Azmaish had to rely on separate crowdfunding campaigns to meet the production costs. After an unsuccessful attempt at financing the project through a campaign on the American crowdfunding website Indiegogo, which raised a sum of USD8,393 of the required USD70,000, Sumar opened another similar operation on the Mumbai-based platform Wishberry and was able to raise ₹2 million for post-production. Around 60% of the total money raised was contributed by people from India and Pakistan; the producers used social media and email marketing to encourage people to contribute to the campaign. Sumar told a Wishberry executive that she chose crowdfunding as the film "deals with something that is affecting every life in these two countries [...] when we ran out of funds and channels to get these funds from, it only made sense that we reach out to the people who this film is about". Azmaish was edited by Martin Hoffmann and the sound mixing was done by Faiz Zaidi and Bhabani Mallik; the film's final cut ran for a total of 85 minutes.
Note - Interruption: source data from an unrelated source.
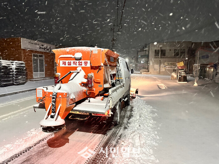 앞서 군은 지난해 11월부터 제설장비 사전 점검과 제설제 확보 등 철저한 준비를 통해 강설에 즉각적인 대응 체계를 구축한 결과 신속한 제설 작업으로 이어지고 있다.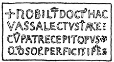 There are three or four details regarding it which deserve notice. The design of this exquisite structure has been attributed, as usual, to one of the Cosmatis; but it belongs to Pietro Vassalletto and his son. In demolishing one of the clumsy buttresses, which were built two centuries ago against the colonnade of the south side, count Vespignani discovered (1887) the authentic signatures of both artists, in the inscription which is here reproduced. It is thus translated: "I, Vassalectus, a noble and skilful master in my profession, have finished alone this work which I began in company with my father."114 Their school lasted for four generations, from 1153 to the middle of the following century, and ranks next in importance to that of the Cosmatis. Many of their productions are signed, as for example the episcopal chair in the church of S. Andrea at Anagni, dated 1263; a screen in the cathedral of Segni, dated 1185; the candelabra in S. Paolo fuori le Mura; the lion in the porch of SS. Apostoli; the canopy in SS. Cosma e Damiano, dated 1153; fragments of an inlaid screen in the studio of the illustrious artist, Señor Villegas, etc. We are in the habit of asserting that only the Renaissance masters studied and were inspired by the antique; but the fascination of ancient art was equally felt by their early precursors of the twelfth century. The archway in the middle of the south side of these cloisters (opposite the one represented in our illustration) rests on sphinxes, one of which is bearded. The human-headed monsters, wearing the claft or nemes, images of Egyptian Pharaohs, were obviously modelled in imitation of ancient originals. Nor is this the only case. The gate of S. Antonio on the Esquiline is also supported by crouching sphinxes (a. d. 1269). It has been suggested that such works were inspired by crusaders who had seen the wonders of Egypt. But if the reader remembers what I said about the Temple of Isis in the Campus Martius, in chapter ii., p. 92, he will at once perceive how the Vassalletti were able to draw their Egyptian models from a much nearer source. A fact mentioned by Winckelmann115 proves that one of them owned and studied a statue of Æsculapius, in the plinth of which he actually engraved his own name, [V]ASSALECTVS. The statue was seen by Winckelmann in the Verospi palace, but I have not been able to ascertain its present location. In these same cloisters are some delightful figures of saints, in high relief, from an old ciborium. One of them, representing S. John the Baptist, is obviously modelled on the type of an Antinous, with the same abundance of curly hair, the same profile and characteristic eyebrows. In October, 1886, I actually saw a mediæval stonecutter's shop, dating perhaps from the eleventh or twelfth century, in which the place of honor was given to a statue of Antinous. The fact is so remarkable for an age in which statues were sought, not as models, but as material for the limekiln, that I beg leave to describe it.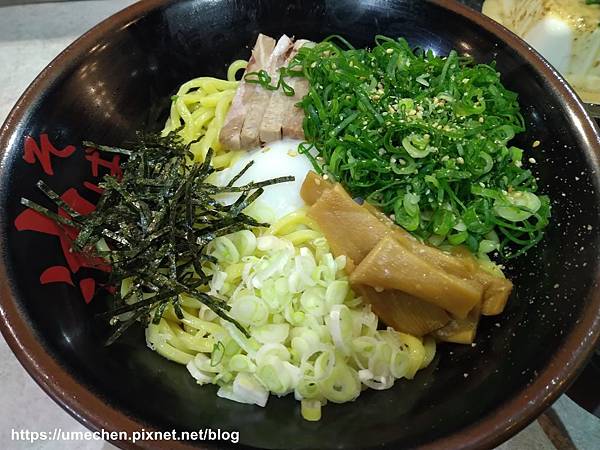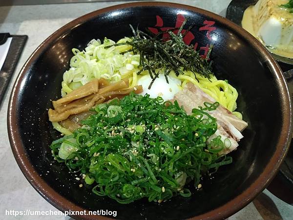 東京油組総本店的油拌麵真的不辜負其定價,每一根麵條都保有令人難忘的Q彈性,就是覺得和自己以前吃的麵條不一樣,值得一根一根細細咀嚼;而那完全不怕你吃的大把葱花也是魂靈角色,真的好吃得沒話說。

The film's music and background score was composed by Aamir Zaki.

== Release ==
A one and a half minute teaser was released on 9 June 2016 on the official YouTube channel of Vidhi Films as a part of the promotions for the production's crowdfunding campaign. Azmaish: A Journey Through the Subcontinent premiered, as one of the official selections, at the 70th Locarno International Film Festival on 9 August 2017. The following month, the film had its North American premiere at the Toronto International Film Festival. It was also screened at other such film festivals in 2017 as the BFI London and the Filmfest Hamburg. Azmaish was also supported by Women Make Movies, a New York-based non-profit organisation which supports independent projects by women filmmakers; it was made available in DVD format for American audiences on the platform's website in May 2018. The film was otherwise released under the label of Sumar and Sathananthan Sachithanandam's production and distribution house, Vidhi Films.

===Reviews===
Azmaish was well received by critics at its various premieres. Commentators were appreciative of Sumar and Koechlin for coming up with "astonishingly powerful results" while addressing the sensitive and controversial subjects of secularism and freedom.